The data
..........

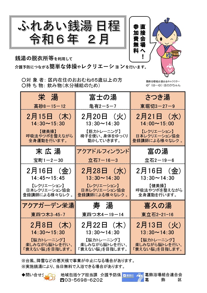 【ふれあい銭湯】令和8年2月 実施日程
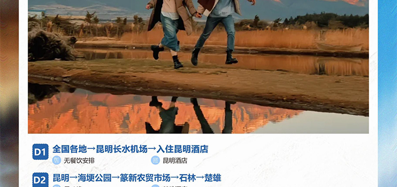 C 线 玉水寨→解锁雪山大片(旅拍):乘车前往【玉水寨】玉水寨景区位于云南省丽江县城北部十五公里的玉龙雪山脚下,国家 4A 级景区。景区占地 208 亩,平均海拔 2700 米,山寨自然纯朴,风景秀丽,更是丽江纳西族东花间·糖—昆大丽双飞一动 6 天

..........

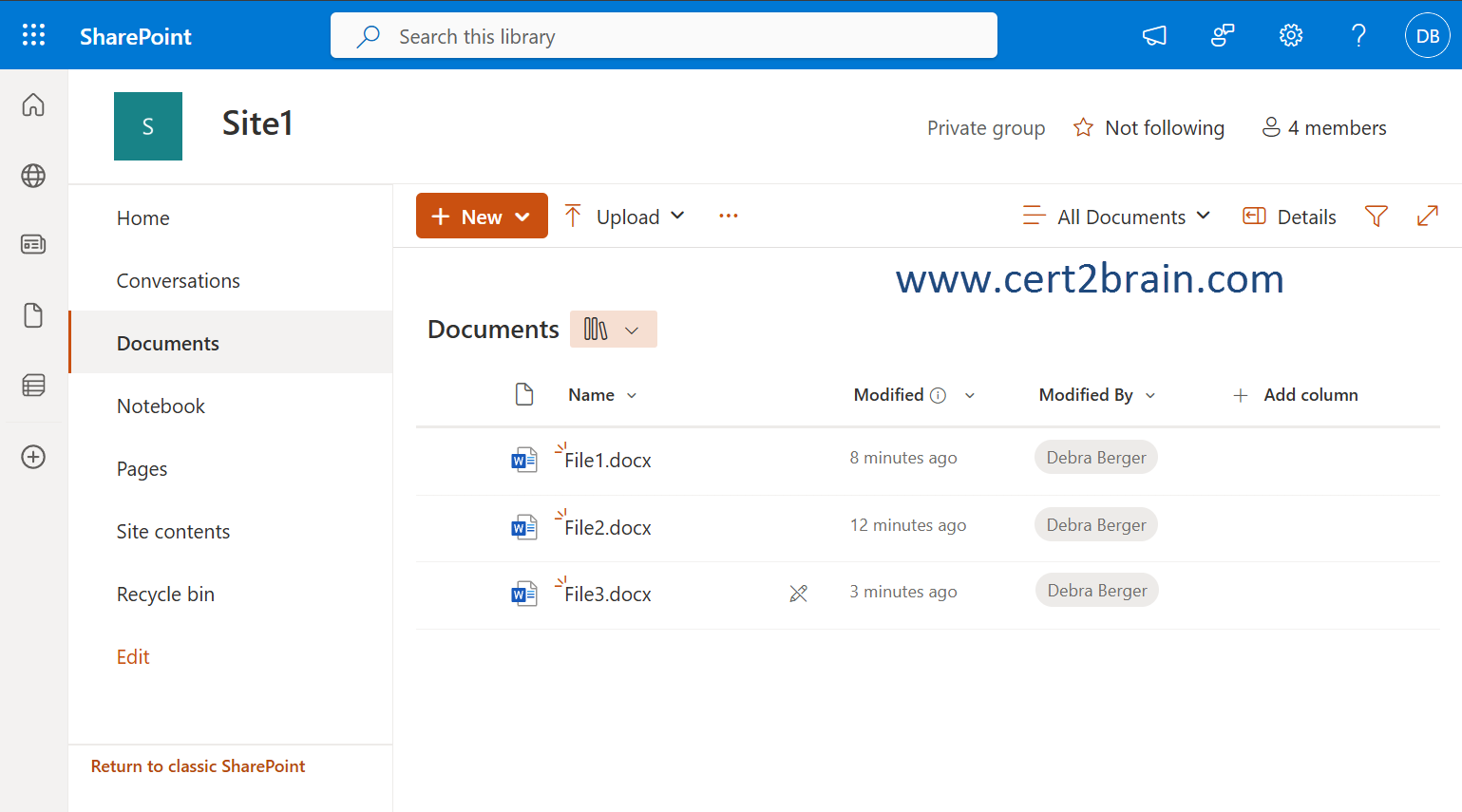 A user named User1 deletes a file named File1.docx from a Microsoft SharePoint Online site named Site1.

..........

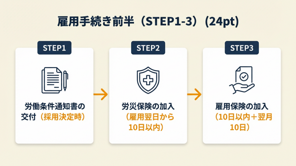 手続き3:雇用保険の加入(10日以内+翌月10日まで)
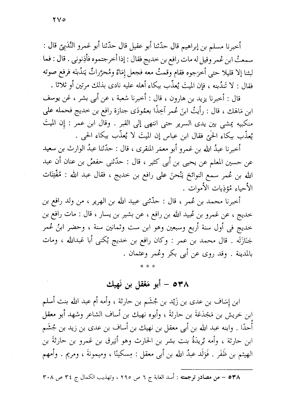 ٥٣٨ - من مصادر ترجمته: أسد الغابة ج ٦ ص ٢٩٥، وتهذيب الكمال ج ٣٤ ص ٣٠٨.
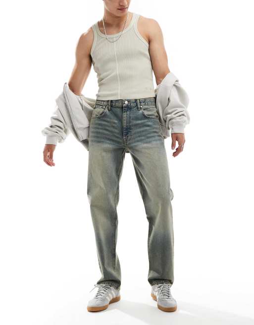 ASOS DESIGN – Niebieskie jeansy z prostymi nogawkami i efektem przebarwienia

..........

Directions
Skipping every picture, transcribe exactly the lines above from the one containing "٥٣٨ - من مصادر" through the one containing "ASOS DESIGN –", both included.

The completed task
 ٥٣٨ - من مصادر ترجمته: أسد الغابة ج ٦ ص ٢٩٥، وتهذيب الكمال ج ٣٤ ص ٣٠٨.
 ASOS DESIGN – Niebieskie jeansy z prostymi nogawkami i efektem przebarwienia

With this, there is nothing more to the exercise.